Son un espectáculo que refleja nuestro tiempo. Uno no se imagina a Cervantes o a Joyce en una feria de libros. Las ferias contribuyen principalmente a dar ganancias a las grandes editoriales. Pero la lectura y la escritura son actos íntimos, diálogos de silencio. Estamos llegando a un tiempo en que quieren convertir al escritor en una atracción de feria (como la mujer con barba o el faquir tragador de espadas). Imagino que este año vamos a quedar saturados de Macondo y García Márquez. Personalmente, si no hubiera leído antes a García Márquez, no creo que hoy lo leería. En principio no leo a los autores contemporáneos. Nunca he estado interesado en autores de moda. Como si eso fuera poco, en las ferias abundan los escritores, que no suelen ser una muy buena compañía. Consciente de la contradicción en la que caigo, tengo que decir que entre los escritores hay mucho de vanidad, de farsa, de fatuidad. Creo, como Patricia Highsmith, que no hay que tener amigos escritores. En el caso colombiano, el éxito y la fama de García Márquez ha hecho que muchos quieran publicar libros, no por vocación o por pasión por el oficio, sino porque quieren ser famosos, codearse con celebridades y aparecer en las páginas sociales.
Al lado de todo eso negativo, las ferias también propician el acto hermoso y simple de reunirse con un grupo de amigos a compartir la alegría de haber publicado un libro.

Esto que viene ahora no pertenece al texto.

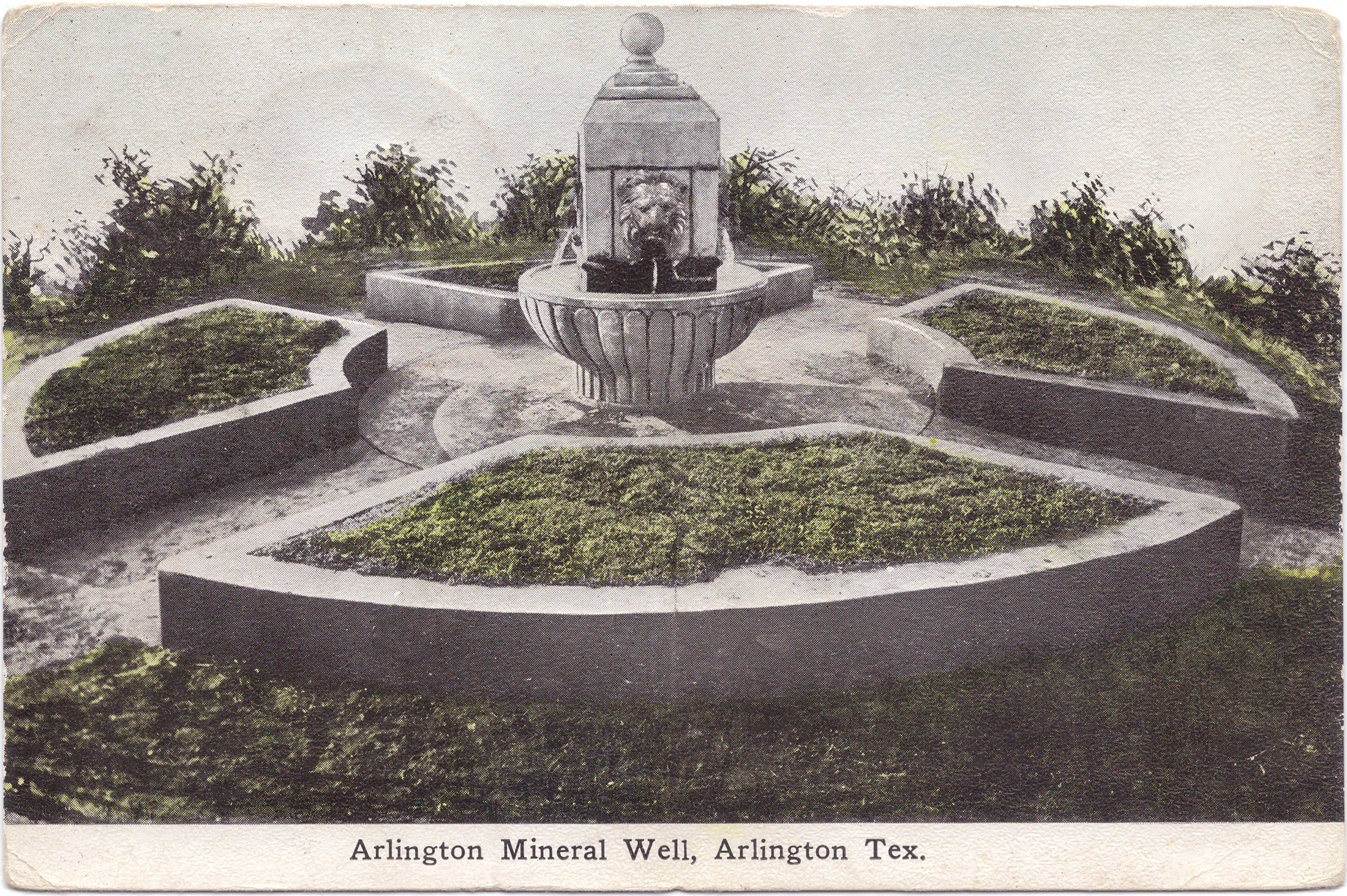 1892년부터 1951년까지 텍사스주 알링턴 시내 한가운데에 정확히 뚫린 광천 우물은 이 도시를 방문하는 주요 이유였다.[11] 이 물은 도시의 브랜드의 일부였으며, 금지령에서 여성의 투표권에 이르기까지 모든 것에 대한 만남의 장소 역할을 했다. 우물은 포장되었다.

Siempre que publico algo nuevo pienso en el niño que fui, en su sueño de ser escritor, y me dedico a darle vida a su alegría. Una feria de libros es también una enorme librería y, si uno es paciente y agudo, es posible que en medio de tanta cosa se encuentre joyitas que de otro modo no habría encontrado.
…Y no podemos dejar de hablar del Nobel Gabriel García Márquez. Recordemos que usted escribió el libro ‘Un ramo de nomeolvides’. ¿Cómo fue su relación, su experiencia, su sentir con los libros y la obra del ‘Hijo del Telegrafista’ de Aracataca?
García Márquez ha sido un modelo a seguir, no tanto por los temas como por la entereza con que asumió su oficio. He leído sus libros lupa en mano para aprender la carpintería de la escritura. Tuve el privilegio de estar en el lugar indicado en el momento indicado para escribir un documento que resumiera la rica experiencia de García Márquez en Cartagena. Tuve la suerte inmensa de conocerlo, de hablar con él y de saber que llegó a leer algunos de mis libros y le gustaron. Desde que escribí Un ramo de nomeolvides he pensado que uno debe hacer sus libros tratando de que estén a la altura de los maestros que admira. La última vez que vi a García Márquez fue en 1997, en Barranquilla, durante un taller de narración periodística. Siempre viví pendiente de sus noticias. Siempre me sentí unido a él por un vínculo afectivo. Viví su muerte como una pérdida personal. A veces hablamos en sueños. Cuando escribía Santa María del Diablo, soñé que me hablaba al oído y me regaló una frase. Salté de la cama a escribirla antes de que se me olvidara.